2 min read
25 May 2021

Your business needs working capital to ensure that daily operations function smoothly. This cash also comes in handy when expanding your business or when you are faced with unexpected expenses. To ensure that you have funds to cater to these immediate needs, calculate your working capital in a methodical manner.

Here are some factors that you need to take into consideration when you are calculating the right working capital amount for your business.

The priorities of your business

Say you have a chocolate manufacturing business, and are launching a new line of chocolates. To do this, you need different ingredients as compared to your normal production. You also have to hire more machinery, and shift to a larger space in the coming months to ensure smooth operation.

Understanding your business’ growth and needs will help you chalk out the various payments that you have to make. This, in turn, will help you arrive at the ideal working capital amount, after taking into consideration fixed costs.

The operating cycle

Every business has an operating cycle. This cycle starts when you buy raw materials and ends when the final product is converted into sales revenue. The longer it takes for you to complete this cycle, the higher your working capital needs will be. Besides, if your operating cycle doesn’t run smoothly, you will encounter problems along the way. For example, you may find that if payments aren’t coming to you on time, you have to delay making payments to your vendors. This can disrupt your business’ productivity or result in your vendors reducing your payment window.

So, apart from understanding your operating cycle and estimating working capital accordingly, also identify potential problems and use funds from an external source if need be. The sooner you foresee these problems, the easier it will be for you to give your working capital a boost. Raise finance for your business’ working capital with a customised Working Capital Loan from Bajaj Finserv. This loan provides you a range of benefits like quick and easy approvals, fast disbursal of funds, and nominal interest without the need for collateral.

Additional Read: Everything you need to know about the life cycle of working capital

The size of your business

The size of your chocolate manufacturing business will also help you understand how much working capital you need. If you have just one premise that houses your office and factory, you will require less working capital. But, if you have several offices, a factory, and regional offices in other cities, you will need more working capital. This is because you will have to pay higher wages, many electricity bills, rent and maintenance of more than one facility.

The industry you operate in

The nature of your industry will also tell you how much you need to factor in for working capital. For example, if you are manufacturing chocolate, you will have to factor in the cost of cocoa butter and cost of extraction of cocoa seeds. You will also have to factor in the cost of dried fruit and nuts, which can be expensive.

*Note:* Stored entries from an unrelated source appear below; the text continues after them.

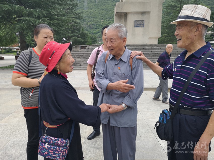 “哎呦,聶校長,我們快40年沒有見面了吧,沒想到在這里碰到了,您瘦了,白頭發增多了,其他沒變,還是像我的父親一樣,您一定要保重身體,我祝福您長命百歲。”在瀘定橋廣場上,今年60余歲,雅江籍退休人員劉桂英緊緊握住離休干部聶庭梅的手,激動不已。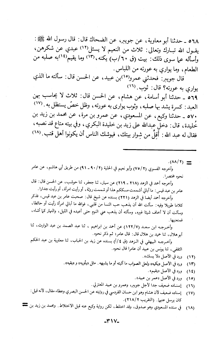 568 - حَدَّثَنَا أَبُو مُعَاوِيَةَ , عَنْ جُوَيْبِرٍ , عَنِ الضَّحَّاكِ قَالَ: قَالَ رَسُولُ اللَّهِ صَلَّى اللهُ عَلَيْهِ وَسَلَّمَ: " يَقُولُ اللَّهُ تَبَارَكَ وَتَعَالَى: §ثَلَاثٌ مِنَ النَّعِيمِ لَا يُسْأَلُ عَبْدِي عَنْ شُكْرِهِنَّ وَأَسْأَلُهُ عَمَّا سِوَى ذَلِكَ: بَيْتٌ يَكُنُّهُ , وَمَا يُقِيمُ بِهِ صُلْبَهُ مِنَ الطَّعَامِ , وَمَا يُوَارِي بِهِ عَوْرَتَهُ مِنَ اللِّبَاسِ ". قَالَ جُوَيْبِرٌ: فَحَدَّثَنِي عَمْرُو بْنُ عُبَيْدٍ , عَنِ الْحَسَنِ قَالَ: سَأَلْتُهُ مَا الَّذِي يُوَارِي بِهِ عَوْرَتَهُ؟ قَالَ: ثَوْبٌ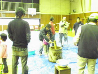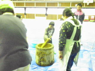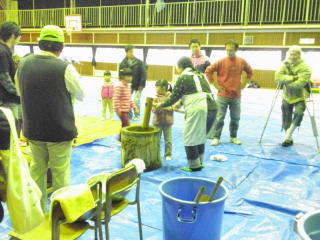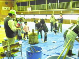 あいにく底冷えするような、どしゃ降りの雨でした。それでも参加者は、 子ども、大人合わせて、110名ほどになりました。 急遽、もちつきは体育館で行うことにし、 薪をくべての釜戸での餅米炊きは中止になりました。 女の子達は、前日から豚汁の材料を切る手伝いをしてくれました。 男の子達は、当日は校舎一番奥の家庭科室、図工室で作業するお母さん達のところへ できあがった餅や研いだ餅米を運んでくれました。 そして、みんなで突いたお餅と温かい豚汁を食べました。 寒い体育館で食べると、お腹の中からほんのり暖まる感じがします。 お餅は、きなこ、あんこ、磯辺、大根おろし、みたらしの5種類で、 どれも美味しかったね。豚汁は、たくさんの人達がおかわりをしていました。 終わる頃には、太陽が顔をのぞかせていました。 |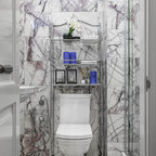 ラスベガスのトラディショナルスタイルのおしゃれなトイレ・洗面所 (ベッセル式洗面器、フラットパネル扉のキャビネット、濃色木目調キャビネット、御影石の洗面台、分離型トイレ、ベージュの壁、磁器タイルの床) の写真 — Houzz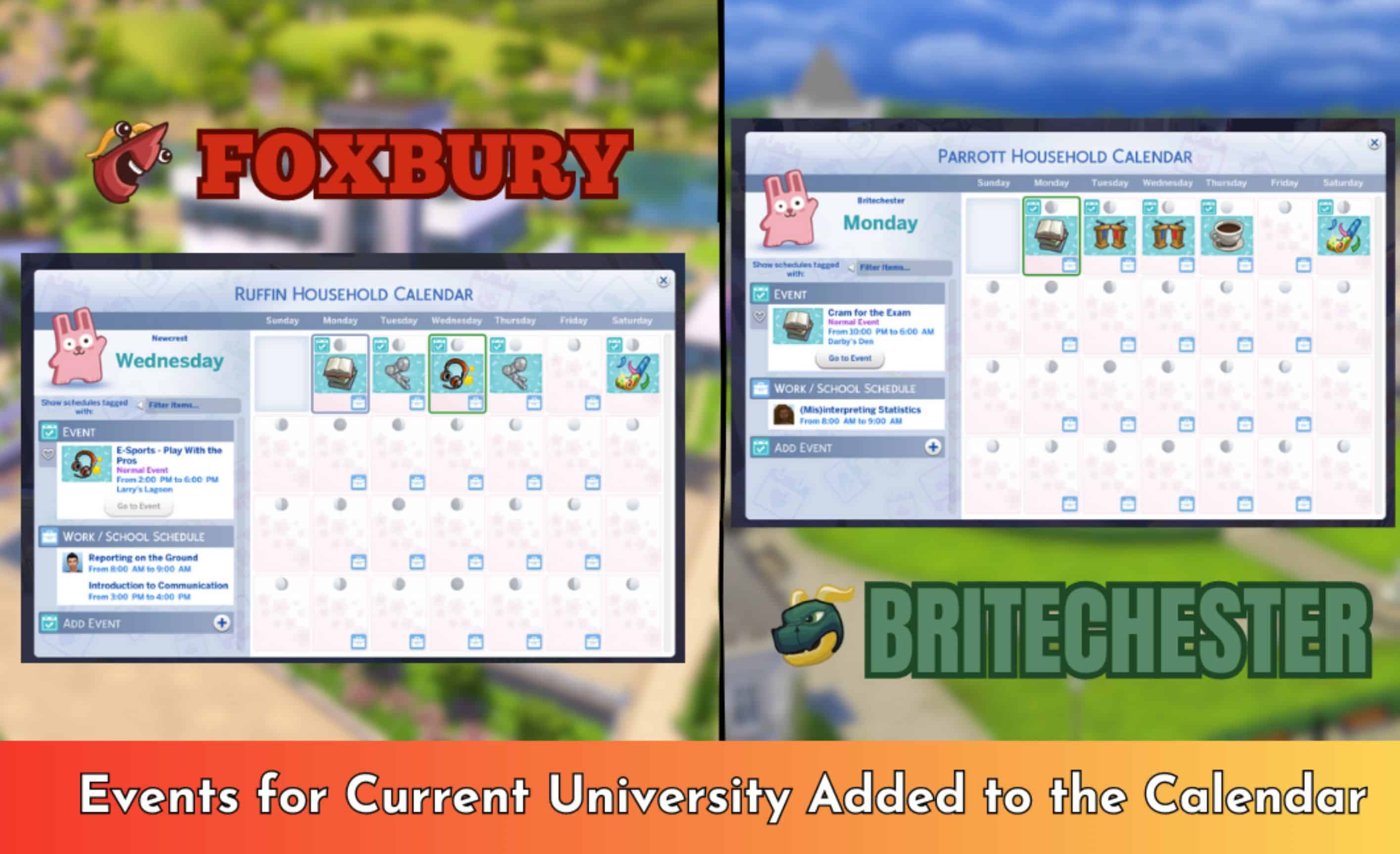 University Events Calendar and Notifications is a mod that adds the events that happen at the university the Sim is attending onto the calendar and gives notifications when the event starts, since in the game, notifications only appear if you are on the lot when the event starts. The events and notifications for Britechester will only appear on the Calendar for any Sims in the Household attending Britechester and the same for Foxbury.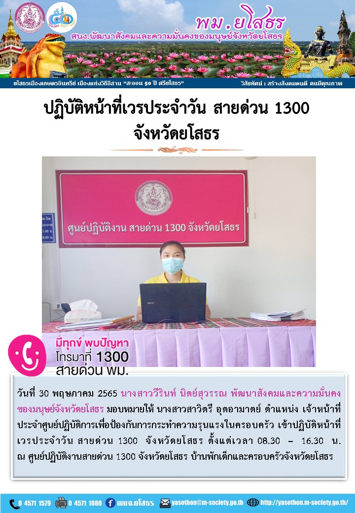 ปฏิบัติหน้าที่เวรประจำวันสายด่วน 1300 จังหวัดยโสธร (30 พฤษภาคม 2565)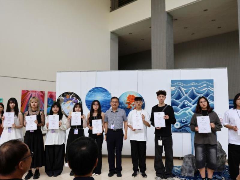 圖7:廖瑞章院長頒獎表揚獲獎學生,肯定學生在藝術創作與跨域學習上的亮眼表現。
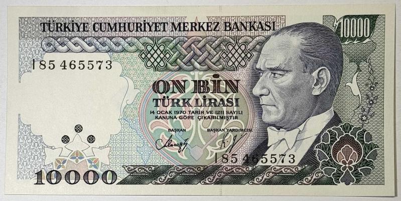 7. Emisyon 4. Tertip olarak basılmış, 10000 Türk Lirası banknot koleksiyonluk niteliktedir. Genel görünümü oldukça temiz olup, dolaşım izi yok denecek seviyededir. Renkler canlı, baskı detayları net ve yazılar belirgindir. Kağıt formu diri ve düzgün durumdadır. 7. Emisyon serisini tamamlamak isteyen koleksiyonerler için çil kondisyonda güzel bir örnektir. Fotoğraflar ürünün birebir kendisine aittir. Emisyon: 7. Emisyon Tertip: 4. Tertip Nominal Değer: 10000 Türk Lirası Seri / Numara: I85 465573 Kondisyon: Çil Durum: Orijinal – Koleksiyonluk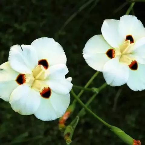 红花小苍兰 白花小苍兰(var.alba):叶片与苞片均较宽,花大,纯白色,花被裂片近等大,花筒渐狭,内部黄色。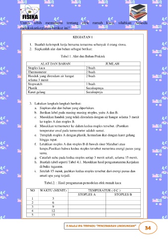 Tabel.2. : Hasil pengamatan pemodelan efek rumah kaca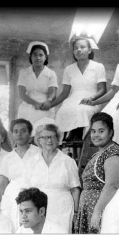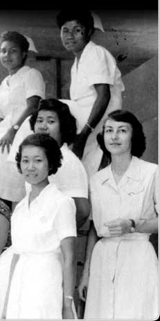 The TT Nursing School in Koror trained young nurses like these, while the Fiji School of Medicine turned out new island medical officers. Ruth Ingram, the instructor, is in the center of the photo. This shot was taken in 1955.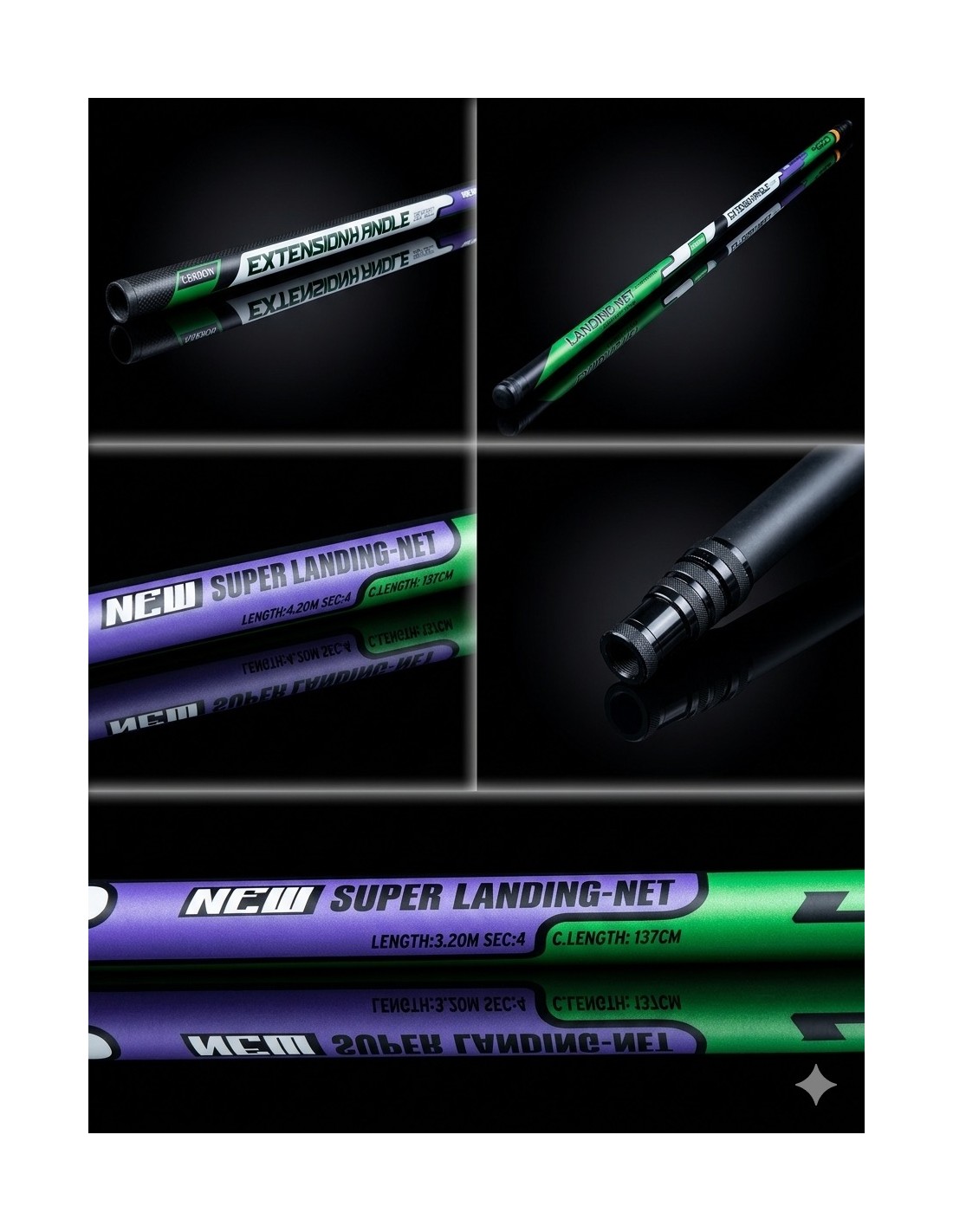 Teleskopinis. Ilgis 3,2m. Svoris - 209gr. Transportavimo ilgis - 135cm.
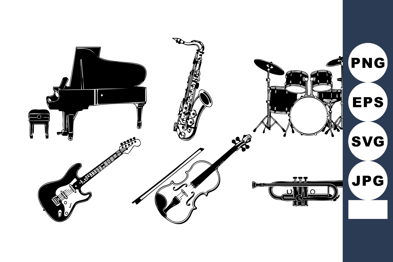 This vector file shows a collection of musical instruments including a piano, saxophone, drum set, electric guitar, violin, and trumpet in black silhouette style. Artistic and elegant.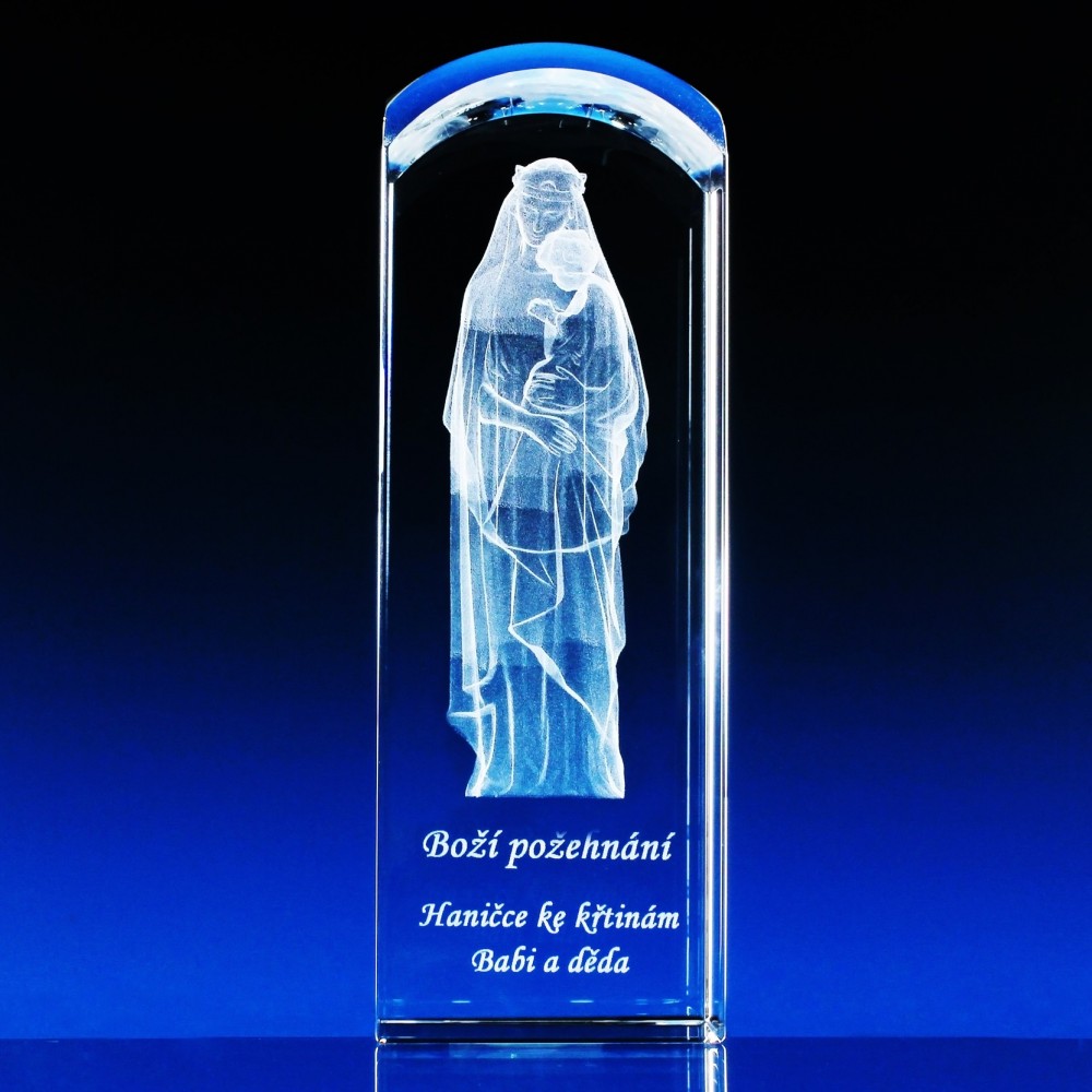 CENA obsahuje: 1x skleněné těžítko s vylaserovaným 3D motivem PANNY MARIE, laser 2D textů na přání a dárkovou krabičku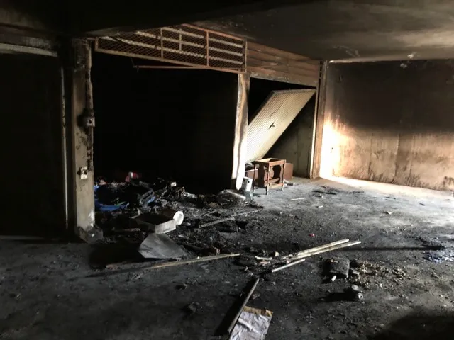 Trois semaines après l’incendie de plusieurs garages, l’expert n’est pas passé, rien n’a été nettoyé, les débris jonchent le sol et les box sont tout simplement inaccessibles. Francis Harsse gare sa moto dans son garage, il ne peut plus la sortir. Il est en colère :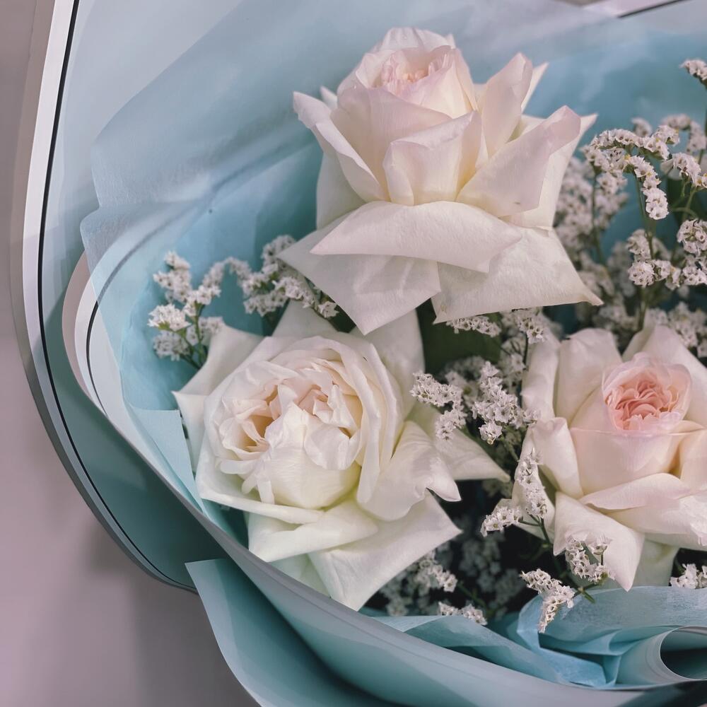 Лимониум – 4 шт.Лента атласная – 2 шт.Тишью – 2 шт.Упаковка дизайнерская – 2 шт.роза охара пионовидная – 5 шт.

You will also need a temperature-controlled facility to ensure that the chocolate doesn’t seize or spoil. Compare this with a cushion-manufacturing unit. You only have to consider the cost of procuring cotton and casing material, which is easily available and is affordable. So, if the processes associated with your business are unique and are expensive, increase your working capital accordingly. Keeping these factors in mind will help you arrive at the right working capital amount for your business. Keep track of any deficiency so that you can meet it with ease and continue business operations.